Kansas City’s Stamp Fulfillment Services center (who even knew we had such a thing?) doesn’t distribute mail to homes or businesses, so Archer and stamp-center boss Gary Stone (who seemed to be wearing a John Ashcroft mask) assured the public that there was nothing to worry about.
Sofa slugs suffering heart attacks due to the frightful interruption of prime-time programming posed a greater public health risk than anthrax. The anthrax was news, but couldn’t it have waited an hour and a half, until 10? Employees at the stamp center had known for more than a week that a load had come from Brentwood Road, and some of them were already taking antibiotics just in case, though nobody felt sick.
Health department officials say they received the anthrax test results at 4:45 p.m. “Around 6 p.m., we decided to hold a press conference at 8 to alert postal employees that they needed to come to the health department [the next morning] to be interviewed and receive a seven-day course of antibiotics,” says Sheryl Woods.
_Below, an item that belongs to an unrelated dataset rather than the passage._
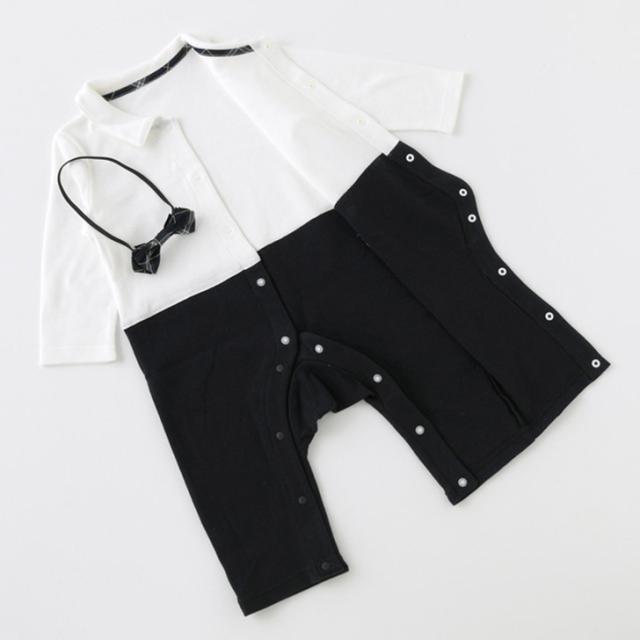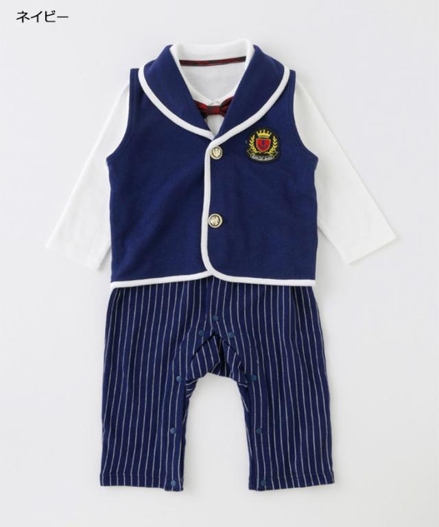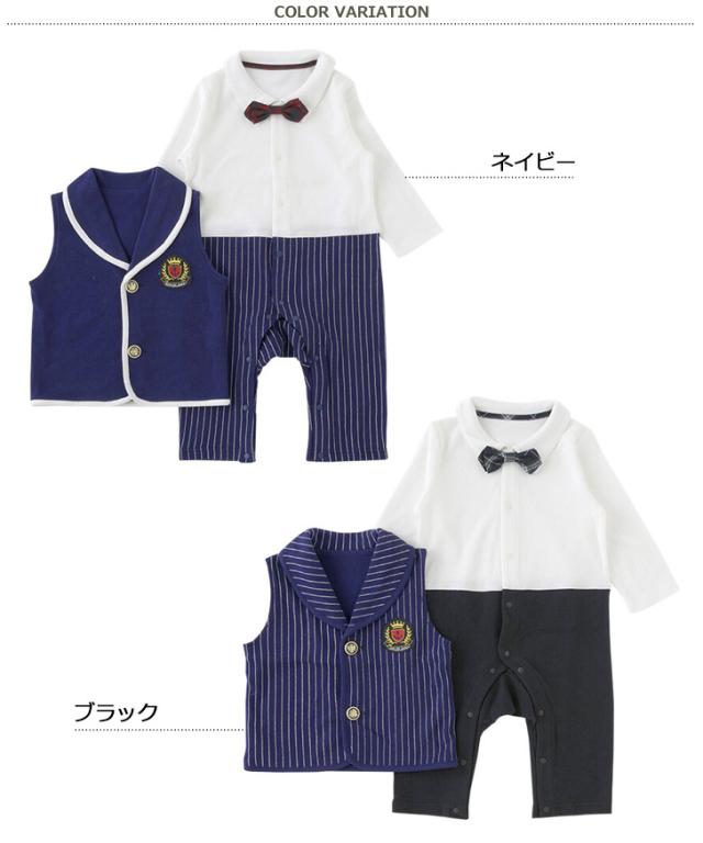 新作 ロンパース カバーオール 新生児 70 80 長袖 男の子 赤ちゃん ベビー 七五三 結婚式 フォーマル ベスト付き 2点セット 蝶ネクタイ
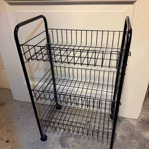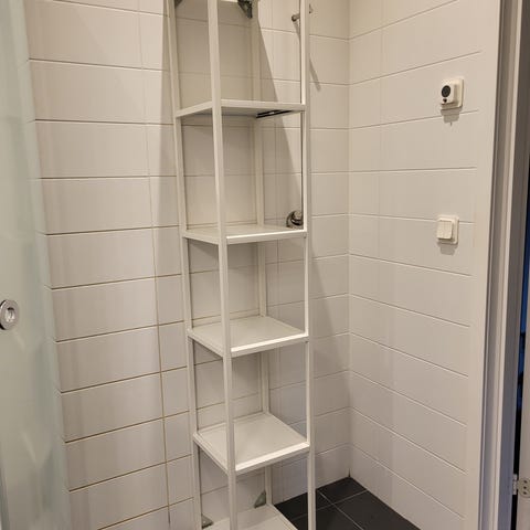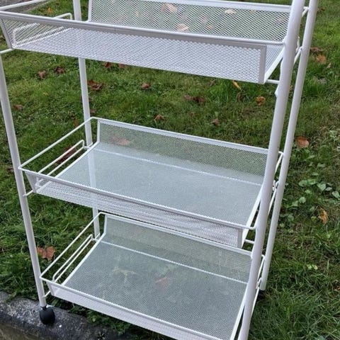 Badrumshylla/rullvagn i vit plast, serie Ikea Vesken med 2 hyllor, H40x17Dx53L

With their panicky burst onto TV, Barnes and Archer grabbed a Kansas City minute in the new-war spotlight. But they should think twice about scheduling their preemptive strikes smack in the middle of The West Wing; compared with C. J. Cregg and her thrilling press conferences, these two looked like schlubs.
At 10 we learned that the people who had reason to be afraid — stamp-center workers — weren’t. “It’s not really fear; it’s just concern for the people actually around it, who handled the mail when it came in,” stamper Marie McElfish told KCTV Channel 5’s Sandra Olivas. “I’m not really concerned about myself.”
But the overkill bled into the next morning with another press conference. Barnes, Archer, Stone, city manager Bob Collins, state health director Maureen Dempsey, the manager of the industrial bunker that houses the stamp center, various bureaucrats and most of the city council (including Troy Nash, who didn’t let recent allegations of wife-beating keep him away from the cameras). So what was the news? The obvious: Anthrax can travel — though, again, no one was sick. While reporters struggled to understand what the Stamp Fulfillment Services center actually does, Rex Archer offered one of his unreassuring reassurances.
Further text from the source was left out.